Let's start with some numbers: $7,098; $8,528; $11,873; $8,765; $9,148; $7,143; $13, 902; $14,286; $21,238.

Those are not Paris Hilton's weekly bills from Barney's but my gross annual earnings from 1998 to 2006. I worked two jobs (at least) each year with the exception of 2000 when I worked three and 2006 when I worked four. BTW, $1,000 of my 2006 income came from a lottery ticket.

Now, I haven't had an interview for a non-teaching job since September, 2001, when I was being walked around the Schlesinger Library by then director Diane Hamer. The job was part-time, 1 - 5, Monday - Friday. However, since it was a Harvard job, that means it included health insurance.

It would have worked well, as I was then working at a Montessori School from 8:00 to 11:00 daily, earning $12/hour. I took the job although during the interview, I could tell the headmistress was crazy. I left for two reasons: 1.) she was crazier than I thought she was at first glance; 2.) I was afraid that my ex-husband would take me to court to being underemployed (yes, he could have done that).

I had hoped to get the post at HArvard and to keep the Montessori job for two years, while I sold the house and bought a duplex in either Arlington or Somerville, lived in one half and operated the other half as a B&B. I felt the B&B would support the house for a time and the Harvard job would support me. The idea was to eventually sell the duplex to buy another house, mortgage free and, hopefully, find a better paying job within Harvard.

So, I am truly interested in learning how people feel about aging because I hate, detest, despise the way the world had turned out. What happens?

I get a reply from LAsh, who knows full well that I don't like her in which she talks down to me.

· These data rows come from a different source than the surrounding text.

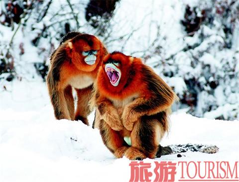 川金丝猴周身覆盖着柔软的金色长毛,在阳光的照耀下熠熠发光,仿佛披着一件金黄色的“披风”,这正是它被誉为“金丝猴”的原因。最有特色的是它的鼻子,鼻孔朝天长着,所以常被叫作“仰鼻猴”,这其实是它们为适应高海拔地区的缺氧环境而进化出的奇特相貌。
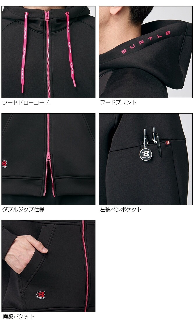 バートル 4WAYストレッチ フーディジャケット 9505 オールシーズン 秋冬 春夏 BURTLE メンズ レディース ジップアップパーカー クレイジーストレッチ 帯電防止 耐久 撥水 防汚 9501シリーズ ワークブルゾン 作業服 作業着
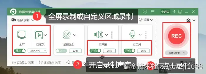 步骤2:在 【视频录制】 模式中,自由调整录制的区域、声音、摄像头等内容,设置完成后点击【REC】按钮进行录制。
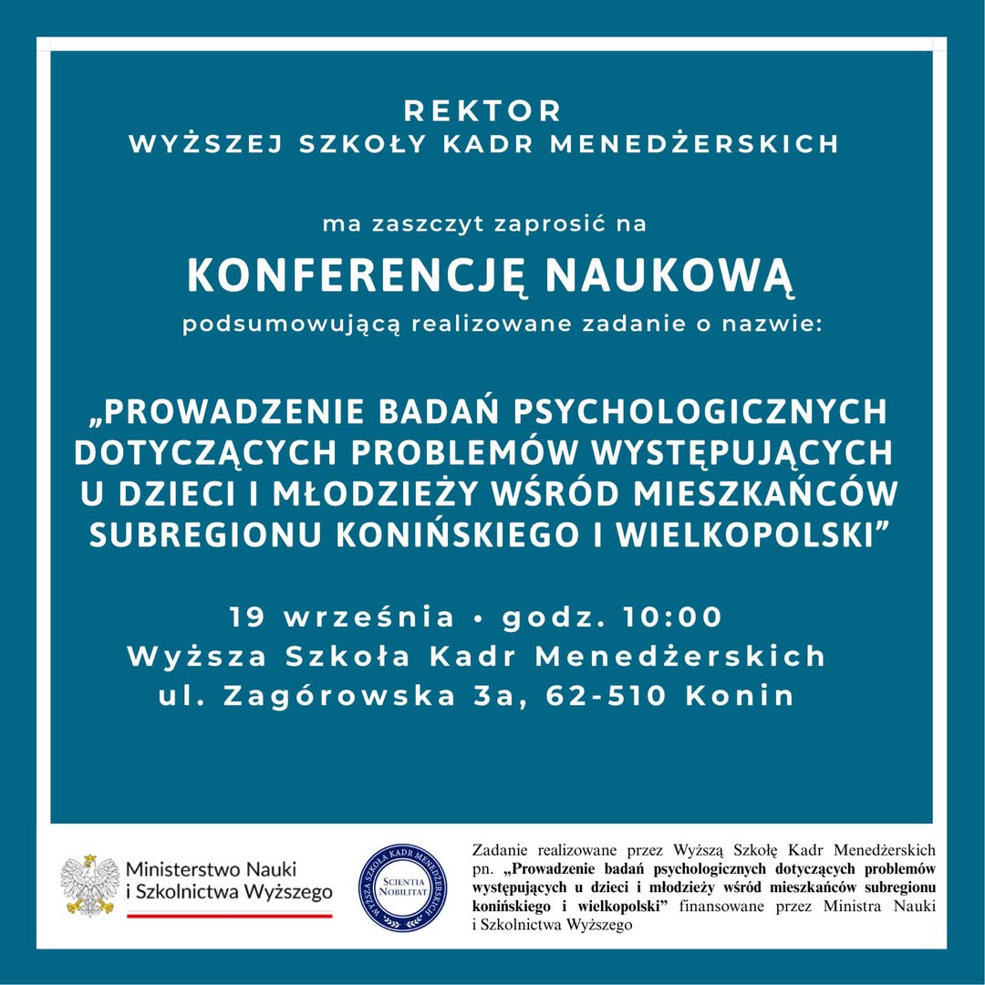 19 września 2025 r. o godz. 10:00 w Wyższej Szkole Kadr Menedżerskich w Koninie odbędzie się konferencja podsumowująca projekt:
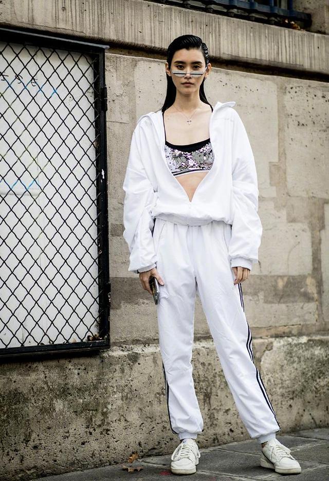 薄款的卫裤不容易显腿胖,在搭配上装时,也不用刻意避开宽松的版型来协调上下装搭配,反而可以直接选择穿套装,简单方便又实穿,还不会出错。像奚梦瑶这一身造型就选择了套装式的外套+卫裤,短款上衣加高腰卫裤的搭配能突出身材比例,再加上抢眼的亮片吊带内搭,街头感十足。
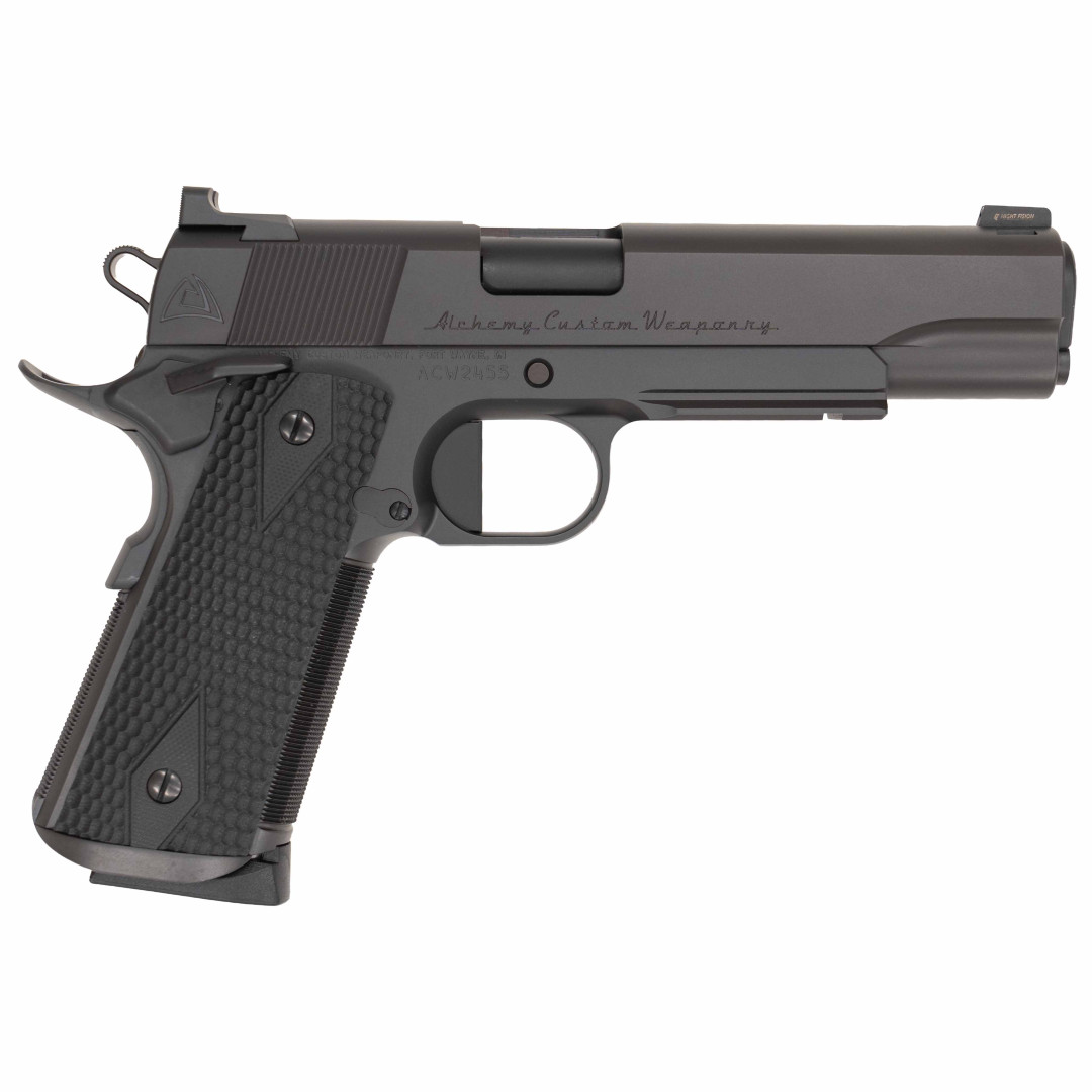 Alchemy Custom Weaponry Quantico 9×19 mm to pistolet klasy premium, zaprojektowany w duchu nowoczesnej interpretacji platformy 1911 z naciskiem na kulturę pracy, spasowanie i ergonomię. Uwagę zwraca jednolite, ciemne wykończenie oraz czyste linie zamka i szkieletu, podkreślające „profesjonalny”, taktyczny charakter modelu.

The worst thing she said was why don't I just think of doing something else. One of the classic indicators of intelligence is the ability to adapt.

So, along comes someone I consider ----------- ----------- (supply your own adjective and noun pair) who insults my intelligence.

Beth, you said you wished that I felt happier with myself. It's a very unhappy situation when you know what you have to offer; when you know that you're smarter than people who have positions of power over you and you can not make a living wage.

Work? I've been working far too hard, far too long for far too little money.

Now, I could be like a lot of women I know around here who have given up. Who accept that the only job they will have is the overnight shift at Target or that they must work 20 hours/a week at the supermarket market and fold socks 12 hours a week at The Gap.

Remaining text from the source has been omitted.